**REQUIRED WORK**. In the data below, repeat the line containing "นายชัยธวัช พรหมวิชัย ผู้อำนวยการสำนักงานทางหลวงที่" and every following line exactly, up to and including the last line. Exclude pictures.

**DATASET SECTION**.
▼
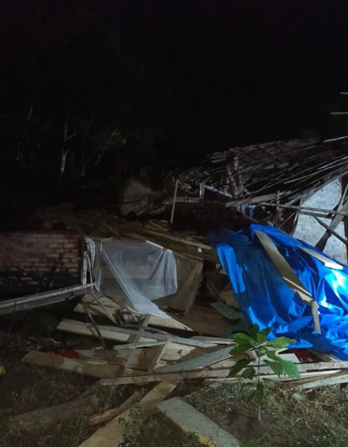 Dijelaskan Kapolsek, kerusakan terjadi di Pekon Sidodadi meliputi rumah milik Jasmini (52) roboh, rumah milik Midah (67) tembok ambruk, rumah milik Sumardi (68) atap asbes ambrol, dan rumah milik Jumono (71) atap asbes rumah ambrol.
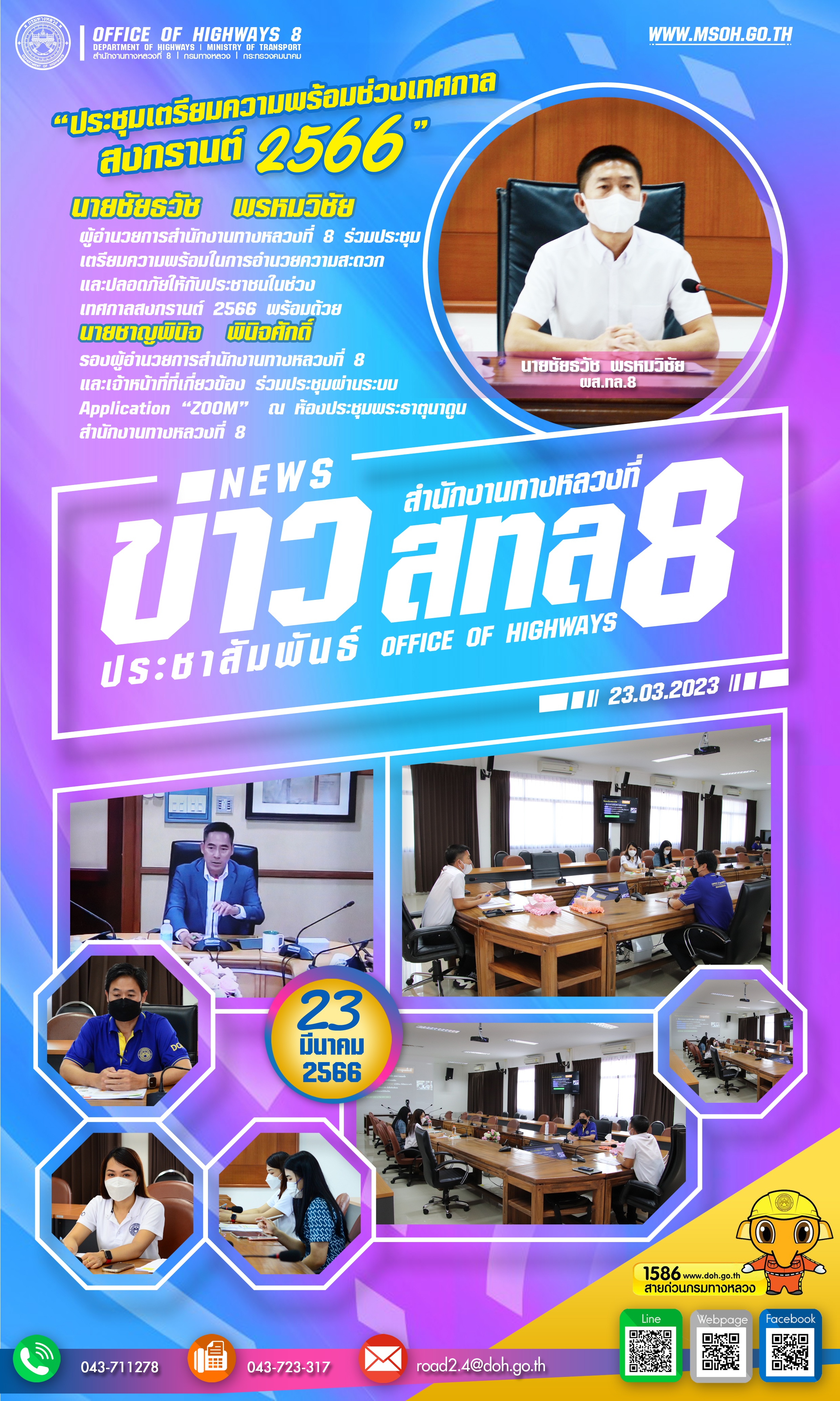 นายชัยธวัช พรหมวิชัย ผู้อำนวยการสำนักงานทางหลวงที่ 8 ร่วมประชุมเตรียมความพร้อมในการอำนวยความสะดวกและปลอดภัยให้กับประชาชนในช่วงเทศกาลสงกรานต์ 2566 พร้อมด้วย นายชาญพินิจ พินิจศักดิ์ รองผู้อำนวยการสำนักงานทางหลวงที่ 8 และเจ้าหน้าที่ที่เกี่ยวข้อง ร่วมประชุมผ่านระบบ Application “ZOOM” ณ ห้องประชุมพระธาตุนาดูน สำนักงานทางหลวงที่ 8
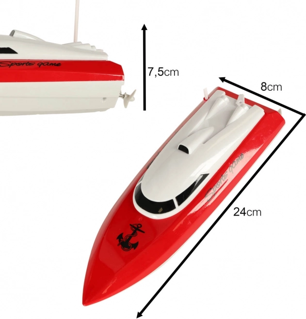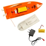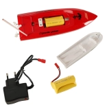 Tento malý, ale svižný RC čln ponúka intuitívne ovládanie a stabilnú jazdu na pokojnej vodnej hladine. Vďaka odolnému plastovému trupu a premyslenej aerodynamike je model skvelo ovládateľný a vhodný pre deti. Napájanie zabezpečuje akumulátor Ni‑Cd 3,6 V 500 mAh, ktorý poskytuje približne 7–8 minút jazdy na jedno nabitie.
▲
**ANSWER BOX**.
 นายชัยธวัช พรหมวิชัย ผู้อำนวยการสำนักงานทางหลวงที่ 8 ร่วมประชุมเตรียมความพร้อมในการอำนวยความสะดวกและปลอดภัยให้กับประชาชนในช่วงเทศกาลสงกรานต์ 2566 พร้อมด้วย นายชาญพินิจ พินิจศักดิ์ รองผู้อำนวยการสำนักงานทางหลวงที่ 8 และเจ้าหน้าที่ที่เกี่ยวข้อง ร่วมประชุมผ่านระบบ Application “ZOOM” ณ ห้องประชุมพระธาตุนาดูน สำนักงานทางหลวงที่ 8
 Tento malý, ale svižný RC čln ponúka intuitívne ovládanie a stabilnú jazdu na pokojnej vodnej hladine. Vďaka odolnému plastovému trupu a premyslenej aerodynamike je model skvelo ovládateľný a vhodný pre deti. Napájanie zabezpečuje akumulátor Ni‑Cd 3,6 V 500 mAh, ktorý poskytuje približne 7–8 minút jazdy na jedno nabitie.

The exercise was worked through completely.